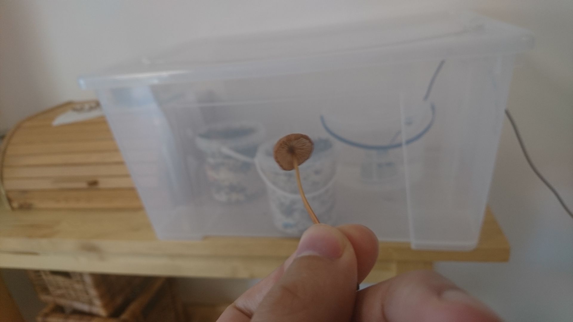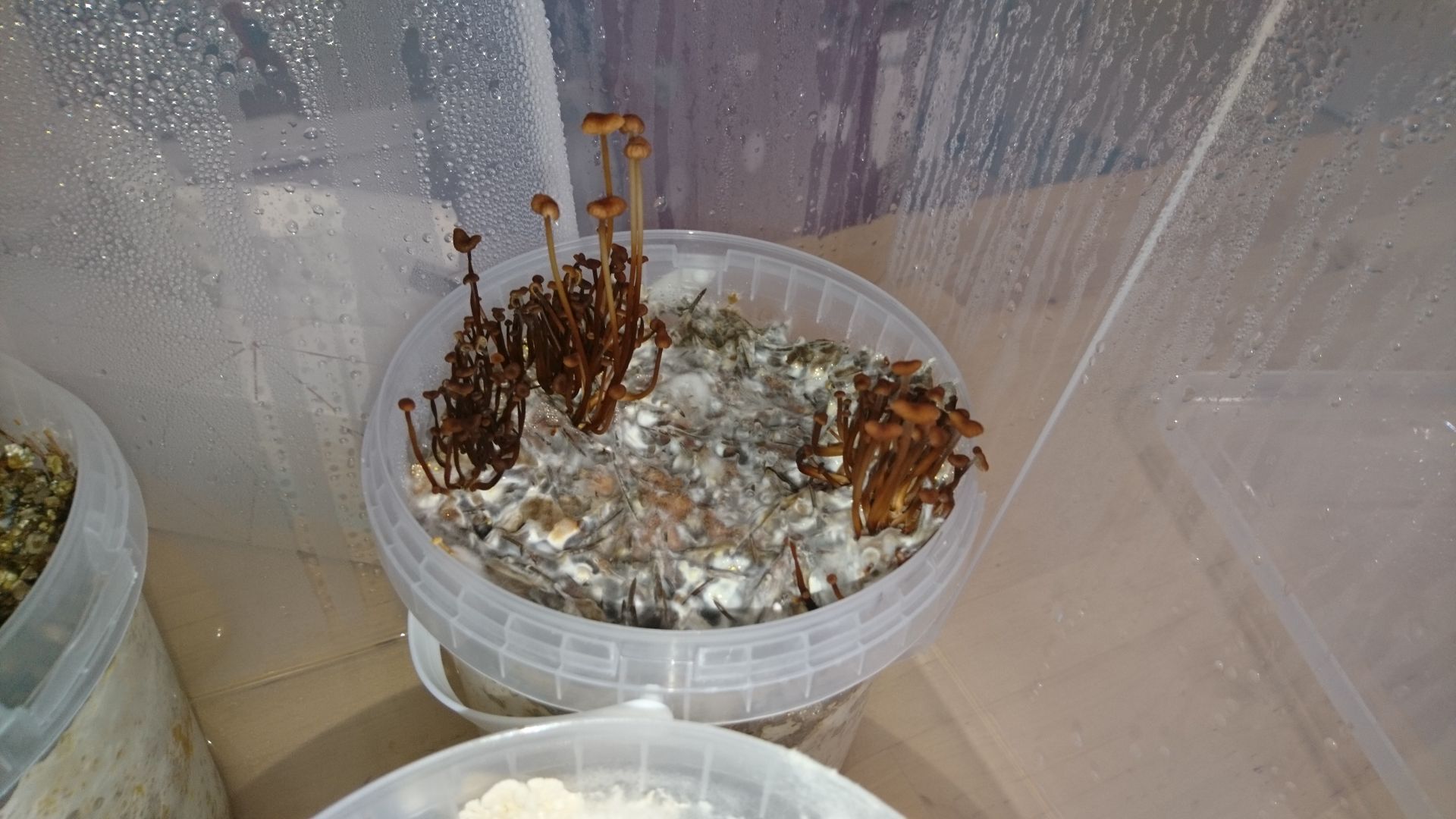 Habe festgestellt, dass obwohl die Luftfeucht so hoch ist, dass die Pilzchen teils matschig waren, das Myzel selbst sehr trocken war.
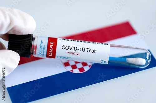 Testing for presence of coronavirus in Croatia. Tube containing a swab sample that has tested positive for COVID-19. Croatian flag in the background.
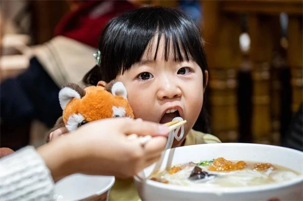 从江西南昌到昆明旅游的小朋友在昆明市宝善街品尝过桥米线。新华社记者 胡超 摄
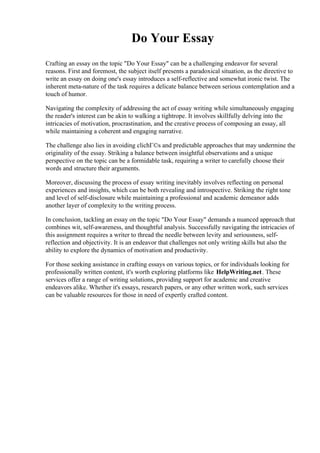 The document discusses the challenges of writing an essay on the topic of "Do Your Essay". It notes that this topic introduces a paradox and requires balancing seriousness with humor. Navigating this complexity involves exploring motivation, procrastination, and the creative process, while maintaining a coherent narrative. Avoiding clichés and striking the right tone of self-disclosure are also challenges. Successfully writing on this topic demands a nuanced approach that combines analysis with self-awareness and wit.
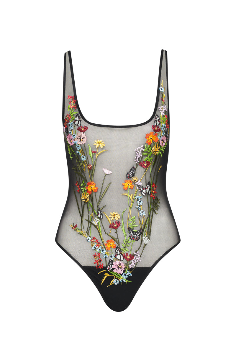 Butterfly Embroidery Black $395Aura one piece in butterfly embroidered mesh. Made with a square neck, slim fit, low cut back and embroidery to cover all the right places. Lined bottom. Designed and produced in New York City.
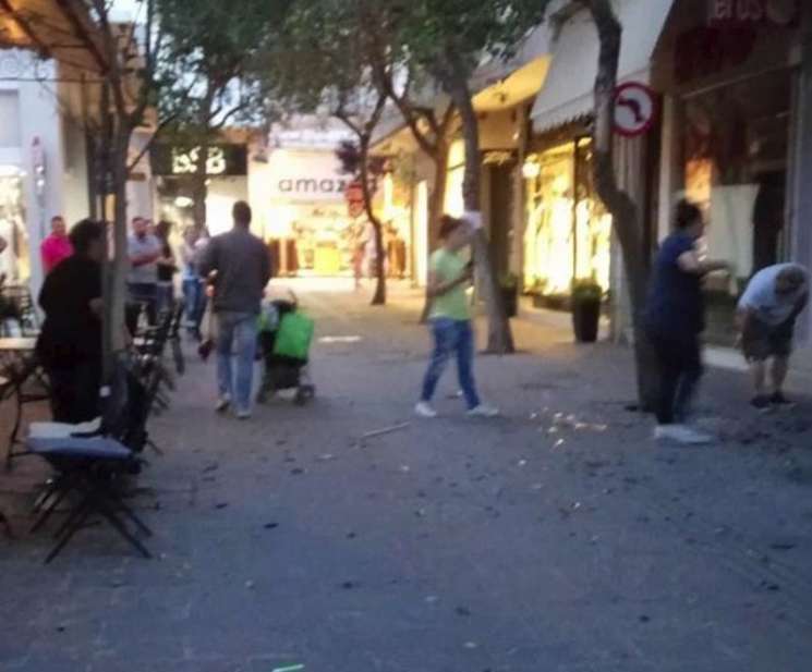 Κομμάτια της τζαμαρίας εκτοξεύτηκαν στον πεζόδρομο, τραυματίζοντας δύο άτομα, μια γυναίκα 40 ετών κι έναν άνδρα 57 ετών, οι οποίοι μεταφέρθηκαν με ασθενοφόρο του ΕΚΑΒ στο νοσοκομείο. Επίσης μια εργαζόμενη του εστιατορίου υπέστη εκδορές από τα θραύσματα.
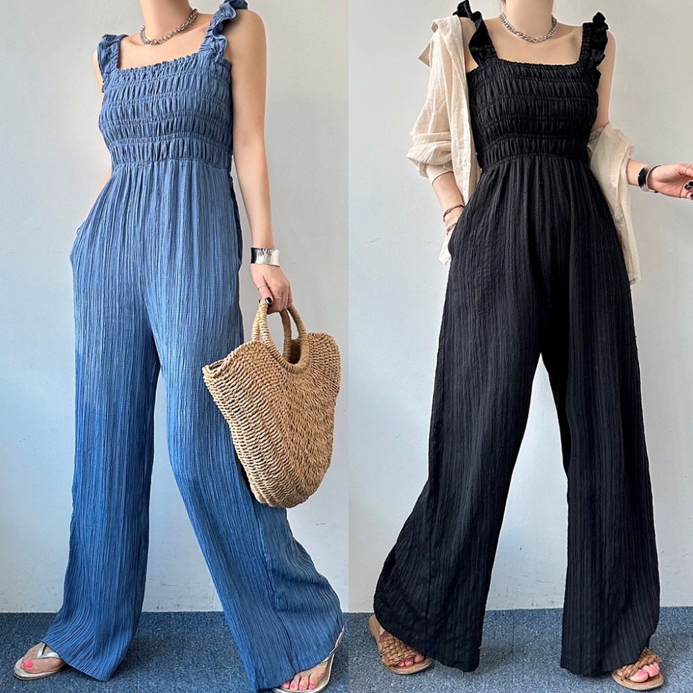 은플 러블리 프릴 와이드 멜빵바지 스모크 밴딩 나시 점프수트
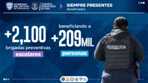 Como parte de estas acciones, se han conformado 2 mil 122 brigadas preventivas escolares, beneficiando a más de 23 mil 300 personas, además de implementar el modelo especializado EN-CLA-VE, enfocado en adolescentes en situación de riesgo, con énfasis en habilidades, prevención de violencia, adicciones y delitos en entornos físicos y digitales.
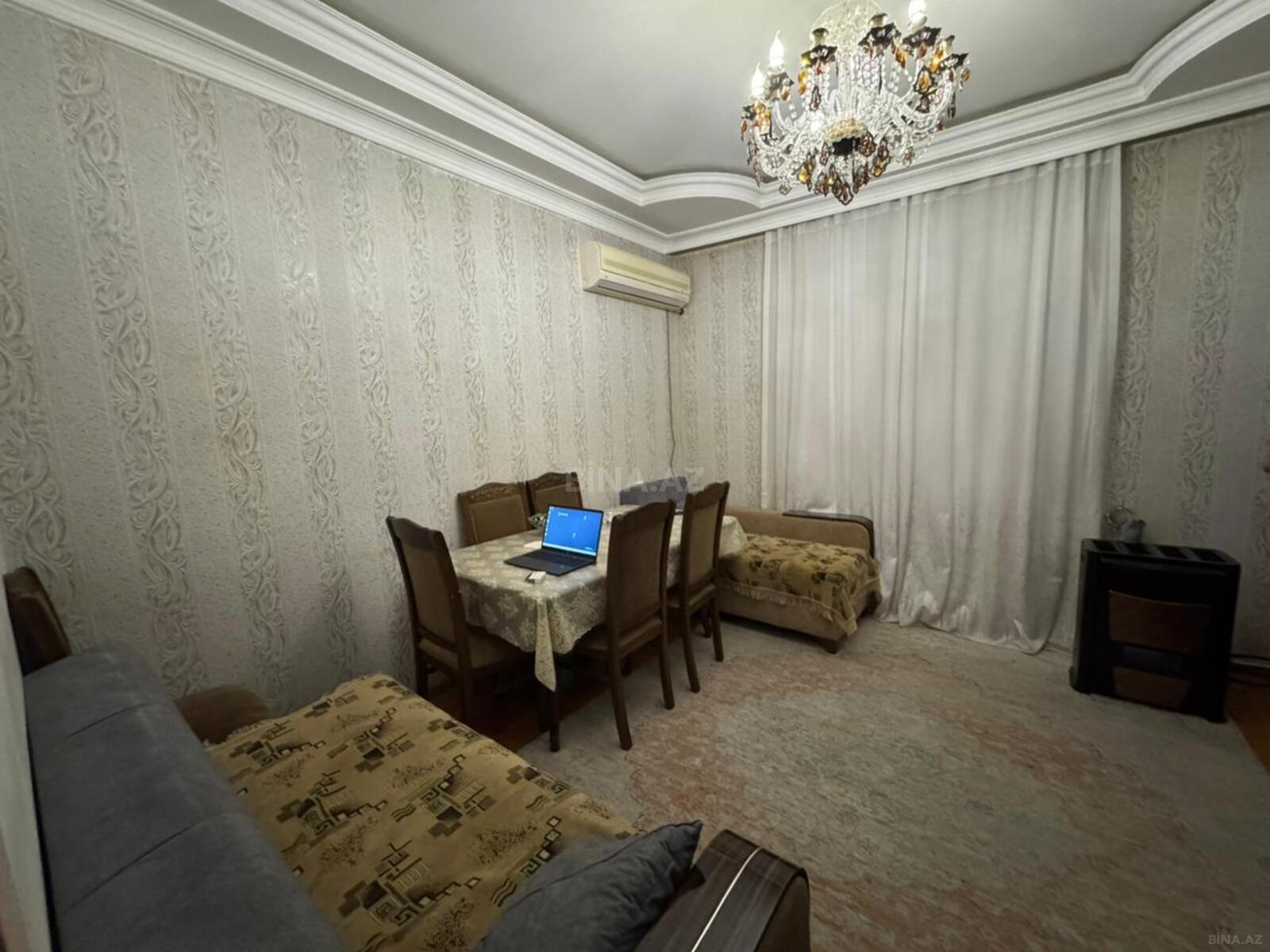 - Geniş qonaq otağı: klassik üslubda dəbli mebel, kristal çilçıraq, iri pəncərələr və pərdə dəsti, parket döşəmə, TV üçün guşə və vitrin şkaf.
+++
Try it = Please reproduce, exactly and only, the lines from the line containing "Como parte de" through the last line of the material above, minus any pictures.

The answer =
 Como parte de estas acciones, se han conformado 2 mil 122 brigadas preventivas escolares, beneficiando a más de 23 mil 300 personas, además de implementar el modelo especializado EN-CLA-VE, enfocado en adolescentes en situación de riesgo, con énfasis en habilidades, prevención de violencia, adicciones y delitos en entornos físicos y digitales.
 - Geniş qonaq otağı: klassik üslubda dəbli mebel, kristal çilçıraq, iri pəncərələr və pərdə dəsti, parket döşəmə, TV üçün guşə və vitrin şkaf.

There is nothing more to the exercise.